Restoring a Cassandra node
The data on Apache Cassandra is replicated. Although a complete failure might be rare, data might get corrupted. In some cases, the hardware might crash, and the data might be lost. Therefore, it is necessary to take regular backups by taking snapshots of all Cassandra nodes. The snapshots can be used to roll back the Cassandra nodes to a known good state.
About this task
You can restore your Cassandra cluster to an earlier state at a specific point in time by using the snapshot feature of Cassandra.

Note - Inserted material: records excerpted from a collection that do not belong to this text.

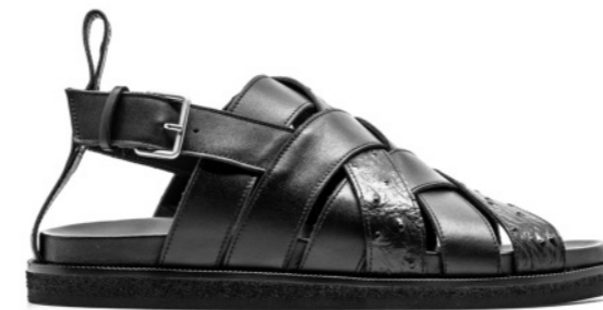
MIAMI 42389 BLACK-OSTRICH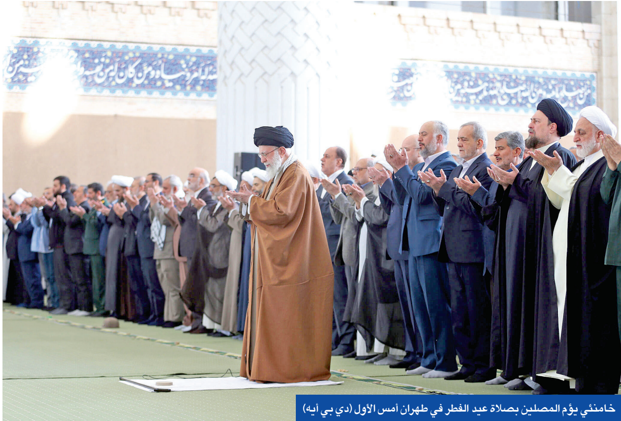
خامني في يوم المصلين بصلاة عيد الفطر في طهران أمس الأول (دي بي آيه)

اتهمت زعيمة اليمين الفرنسي المتطرف، مارين لوبن، أمس «النظام بإخراج القنبلة النووية، لمنعها من فوزها الوشيك في انتخابات الرئاسة في 2027، مؤكدة أنها ستواصل القتال ضد «السيادة القضاة، حتى إلغاء حكم حظرها من الترشح لمدة 5 سنوات. وفي ظل الهجمات الآتية من اليمين المخطف في كل حذب وصوب، بما في ذلك من الرئيس الأمريكي دونالد ترامب، ورئيسة الوزراء الإيطالية جورجيا ميلوني، دافع أحد أغنى القضاة في فرنسا عن الحكم الصادر في حق لوبن بتهمة اختلاس أموال عامة، مؤكداً أن «القرار ليس سياسياً خالص إليه 3 قضاة مستقلون ومحايدين».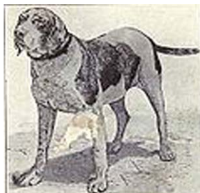
Spansk pointer, som tros vara en del av bakgrunden till GDH (Lägg märke till likheten)

Förmågan att stå för fågel har de sedan ärvt från de spanska pointerarna. Vidare skulle (och skall) GDH'n kunna använda sin utmärkta näsa även vid annan typ jakt än endast fågeljakt.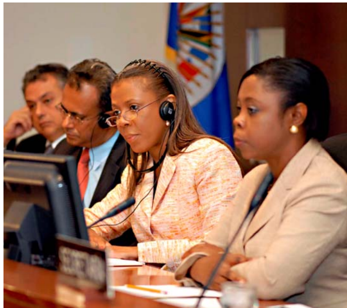
Deborah-Mae Lovell, de Antigua y Barbuda, preside el Consejo Permanente de la OEA.

En 1989, el Gobierno firmó y ratificó la Convención de las Naciones Unidas sobre la eliminación de todas las formas de discriminación contra la mujer (CEDAW por su sigla en inglés) y la Convención sobre derechos del niño en 1993. Ambas convenciones son reconocidas como instrumentos internacionales especializados en derechos humanos que dictan las normas para la protección de los derechos de mujeres y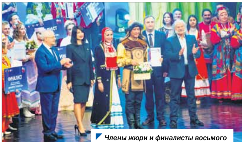
Члены жюри и финалисты восьмого сезона конкурса «Марафон талантов».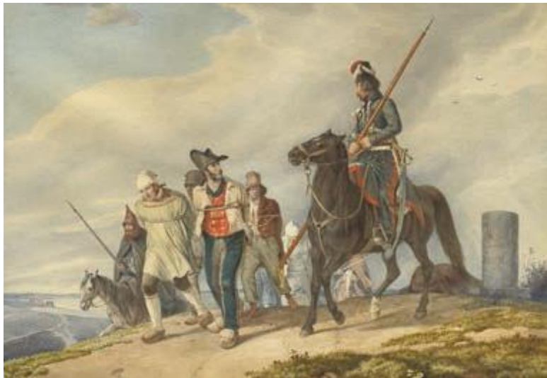
П. фон Гесс. Казаки конвоируют пленных французов.

Она просто за ней не поспевала. Более того, враг не имел никакого представления о численности наших отрядов. Партизаны же всегда владели самой полной информацией о предполагаемых действиях неприятеля, поскольку перехватывали вражеских курьеров с пакетами и донесениями, регулярно переправляя их в ставку Кутузова. Об успехах этой деятельности свидетельствует и тот факт, что незадолго до падения Берлина летучие отряды уже контролировали все дороги вокруг столицы прусского королевства.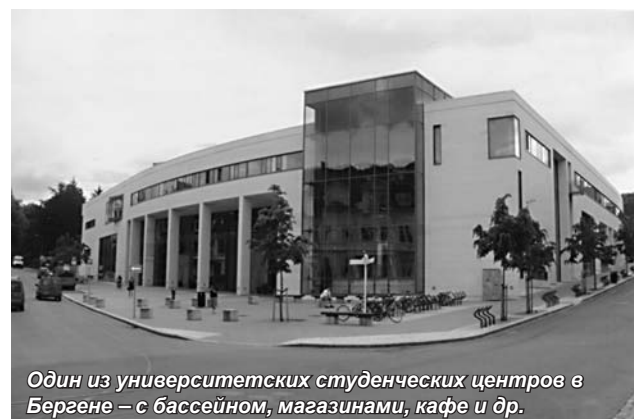
Один из университетских студенческих центров в Бергене – с бассейном, магазинами, кафе и др.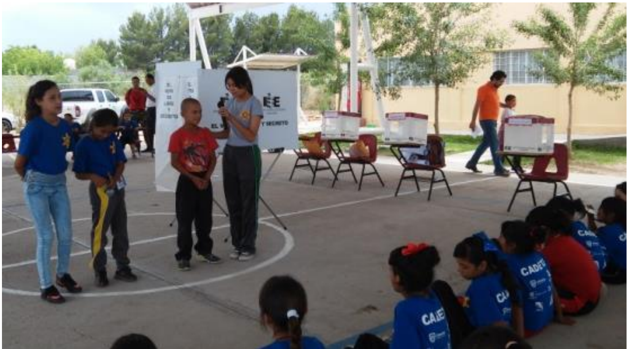
Imagen 7 Presentación de candidatos en el tema de la democracia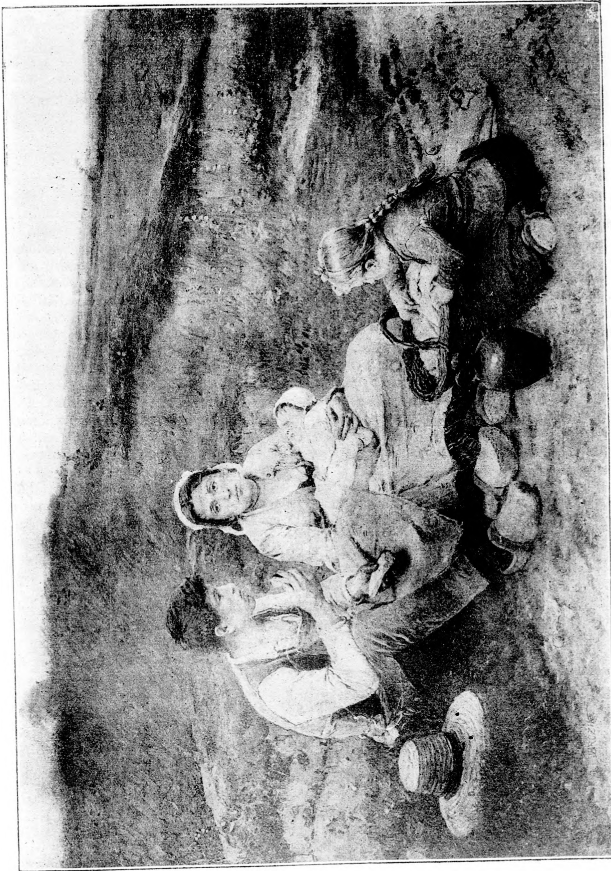
Ebéd a szérűn.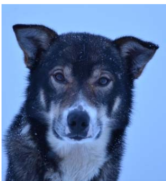
Gisle kan posere.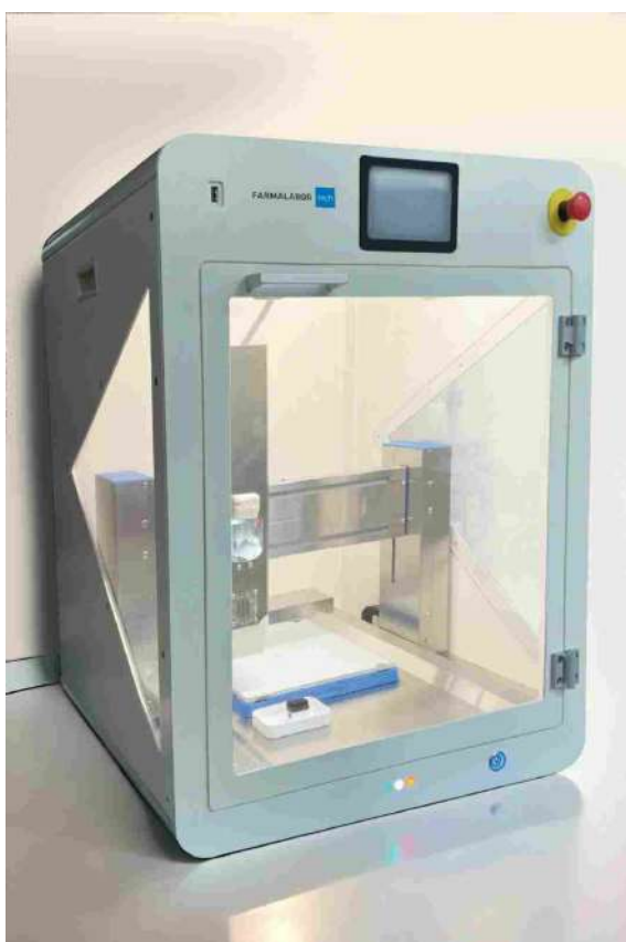
FOTO Stampante 3DForMe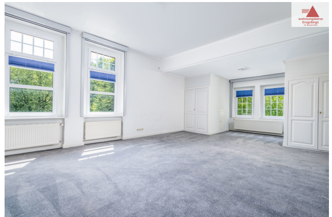
Zimmer 1. OG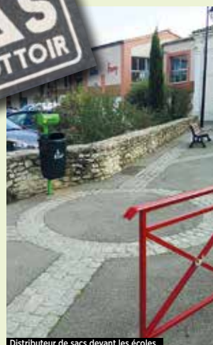
Distributeur de sacs devant les écoles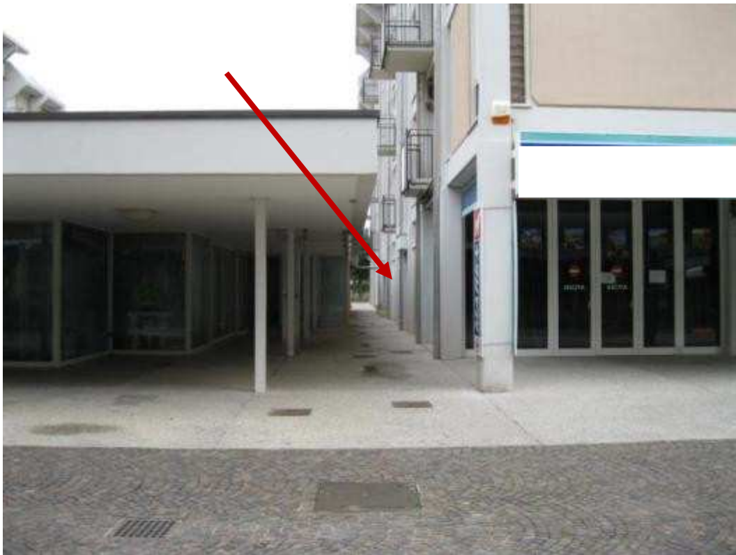
Foto 2 Vista del fabbricato da Viale Aurora con indicato ingresso condominiale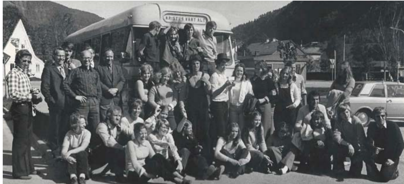
St. Markus Ungdomskor på turne til Førde og Jølster med egen buss fra Ungdomsforeningen.

St. Markus Kirke er 75 år, og jubileet skal feires i en hel uke fra 16. februar. Blant de mange arrangementer vil vi med dette invitere deg til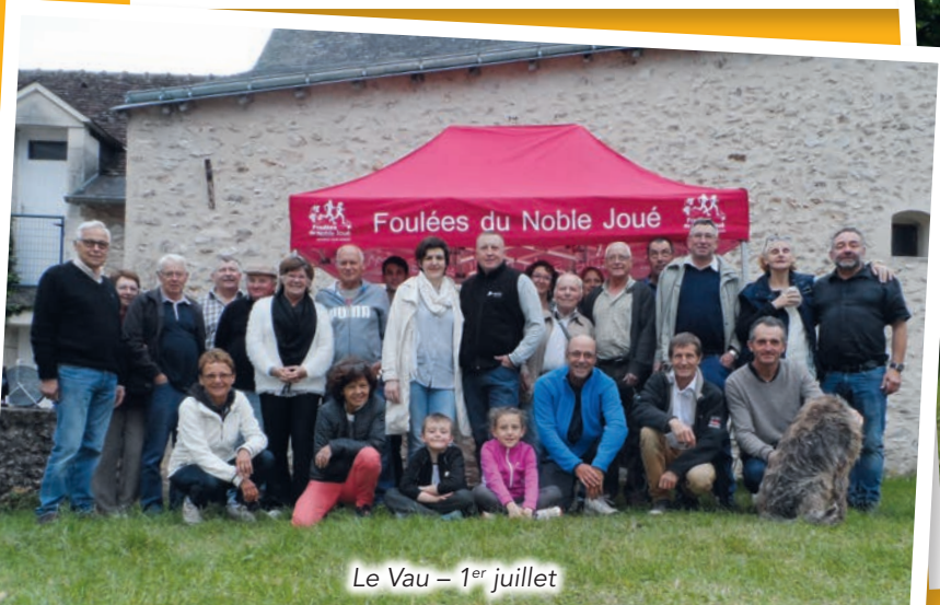
Le Vau – 1 er juillet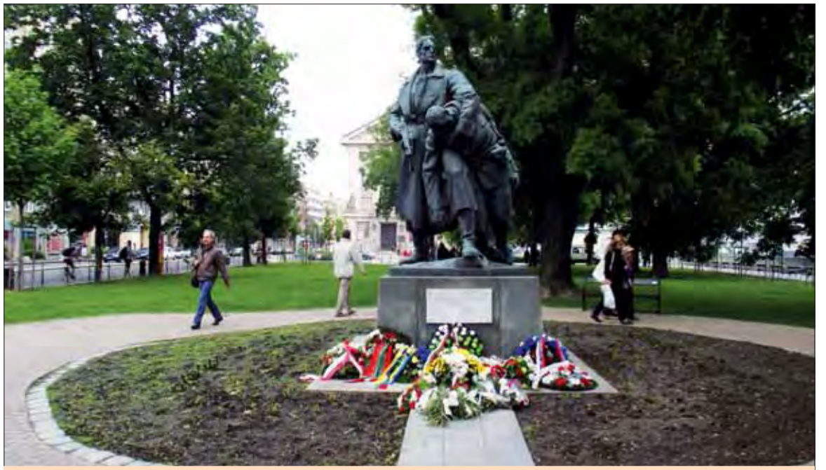
Pamiatku na bojovníkov pripomínajú vence.

Žiaci bulharskej základnej školy potom predniesli verše Boteva, z ktorých je aj u nás známy citát Kto padne v boji za slobodu, ten neumiera. Aj keď za sychravého počasia a v pozornosti nad stúpajúcou hladinou Dunaja, bolo toto stretnutie s občanmi a odbojármi prejavom vďaky a úcty k obča-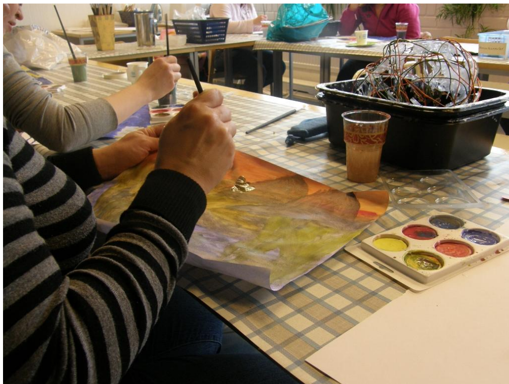
KUVA 25. Taideterapeuttisen hetken luomistyö.

Kummallakaan meistä ei ole terapeutin koulutusta, joten hetki oli toteutettu terapeuttisella tavalla. Aihe ei saa silloin olla liian syvälinen. Molemmat meistä ovat kiinnostuneita taiteen terapeuttisesta käyttämisestä työssään ja uskomme sen vaikuttavan ihmiseen. Taiteen avulla ihminen oppii tuntemaan itseään paremmin ja sen avulla omien tunteiden työstäminen on monesti helpompaa.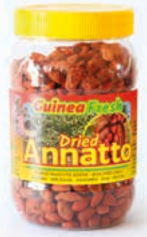
Annatto 250g DRD6054 · 24x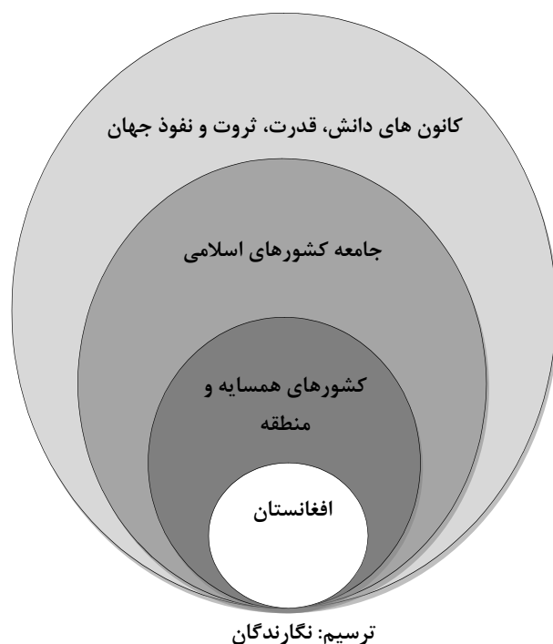
شکل شماره ۳: حلقه های سه گانه سیاست خارجی افغانستان

سومین پویایی تغییر رویکرد سیاست خارجی افغانستان از توازن گرایی به تعادل گرایی است. افغانستان در حکومت وحدت ملی از توازن گرایی به تعادل گرایی روی آورده است. تا سال ۱۳۹۴ سیاست خارجی این کشور مبتنی بر توازن بوده است، اما در دوره جدید سیاست تعادل مورد توجه قرار گرفته است. در این سیاست همه کشورها به اندازه وزن شان در سیاست خارجی افغانستان اهمیت می یابند (تمنا، ۱۳۹۵).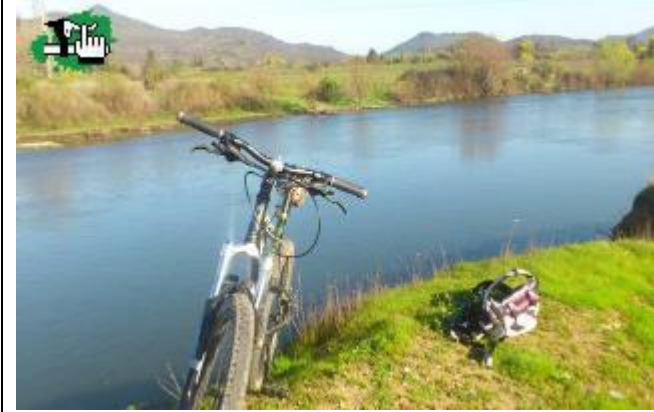
Lámina N°1: Se observa sector denominado “Canalón”

herramienta ecológica , que los profesores de los distintos escuelas no tan solo de Chimbarongo, sino también de otras comunas como Chépica, San Fernando, Teno y Santa Cruz, utilizarán para sus alumnos.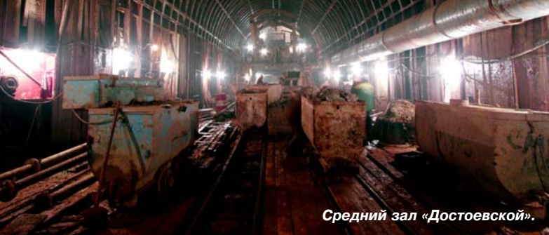
Средний зал «Достоевской».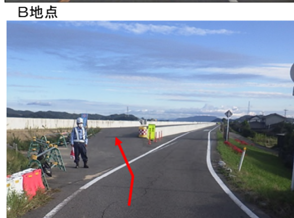
【参考】高潮耐震工事の状況（鋼矢板圧入）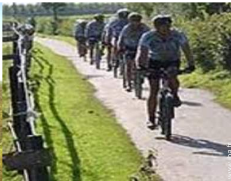
Attraits et détente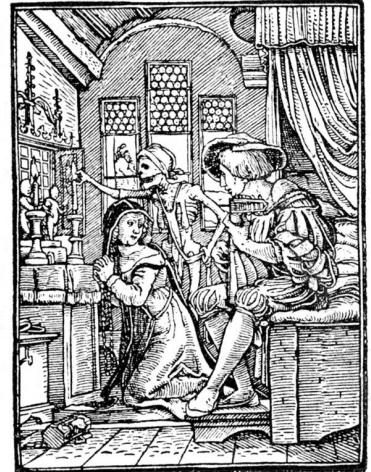
Holzschnitt aus Holbeins Totentanz „Die Nonne“.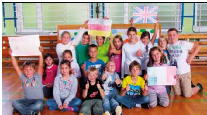
Učitelji tujih jezikov za en dan

Že večkrat smo slišali, da je učenje tujih jezikov izredno pomembno. Poleg tega ni dovolj, da znamo le angleško, dobro je, da znamo tudi nemško in tako naprej. Zato smo se na razredni stopnji OŠ Oskarja Kovačiča ob Evropskem dnevu jezikov odločili, da razširimo svoje jezikovno znanje.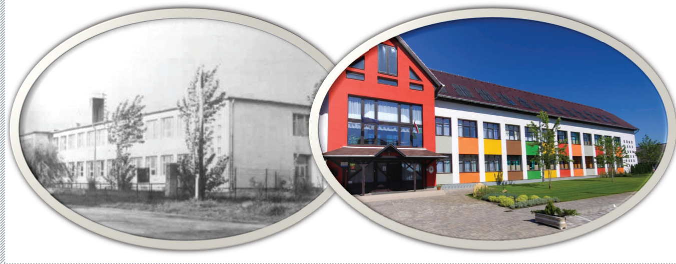
Széchenyi István Általános Iskola

Az Alsónémedi Széchenyi István Általános Iskola épülete 2021-ben 50. születésnapját ünnepli. Öt évtizede, immár a harmadik nemzedék gyermekei tekintik második otthonuknak a folyamatosan bővülő, egyre nagyobb és látványosabb épületet. Köszönjük mindenkinek, aki hozzájárult az intézmény fejlődéséhez. Mindannyian büszkék vagyunk arra, hogy most egy XXI. századi, modern létesítményben tanulhatnak gyermekeink. A születésnap méltó módon való megünneplését a veszélyhelyzet utánra tervezzük.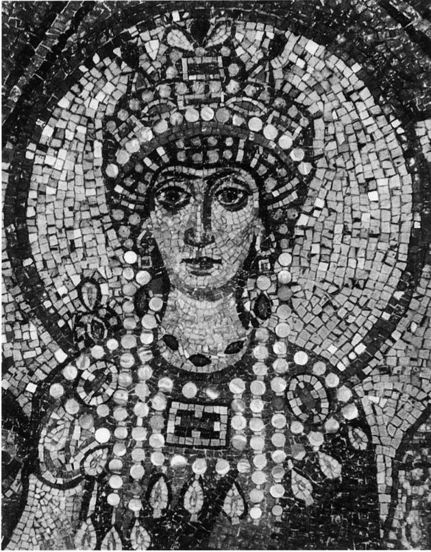
Fig. 4. Kejserinde Theodora med halskæder med vedhæng. (Deichmann 1958, 360).

The Empress Theodora with collar of chains and pendants.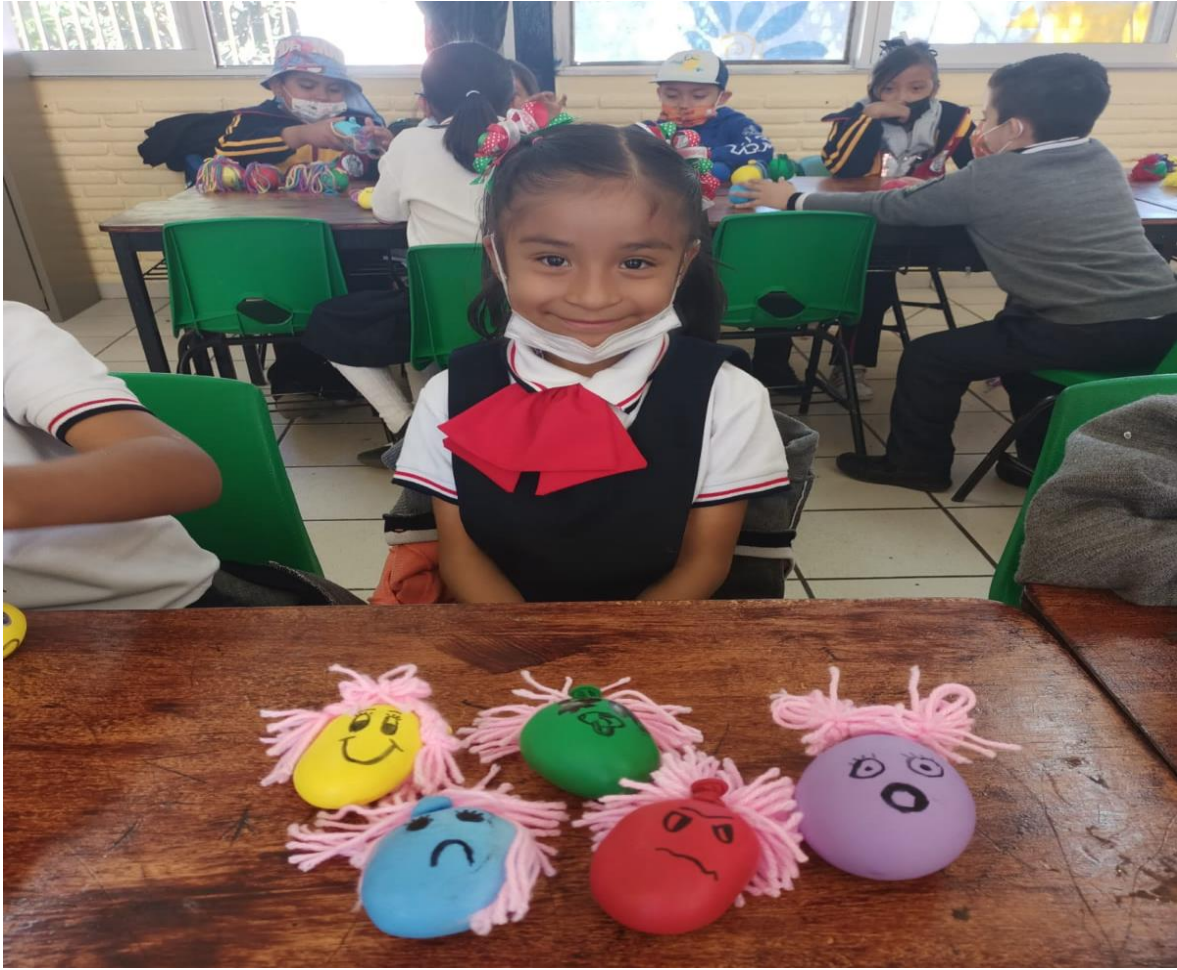
Ilustración 5. Se muestra muñecos de las emociones.

Attention: It is best practice to restore failed or corrupted nodes by synchronizing
data from the remaining nodes. However, if data sync is not possible, or if you want to restore
nodes to a known earlier state, you can restore the nodes by using the snapshot feature. When you
use the snapshot, you might lose the data that was added to the cluster after the snapshot was
taken.
Procedure
To restore a Cassandra node, complete the following steps:
- Stop the Cassandra node.
- Clear the commit log by removing all the files in the commit log directory, such as rm /<installation directory>/apache-cassandra/commitlog/*.
-
Remove the database files for the required keyspaces, such as
rm /root/IBM/GlobalMailbox/apache-cassandra/data/{keyspace}/tablename-UUID/*.db
. -
Copy the latest snapshot directory contents for each keyspace to the data directory of the
keyspace, such as
cp -praf /<installation directory>/apache-cassandra/data/{keyspace}/tablename-UUID/snapshots/{snapshot_dir}/* /<installation directory>/apache-cassandra/data/{keyspace}/tablename-UUID
. - Restart the node.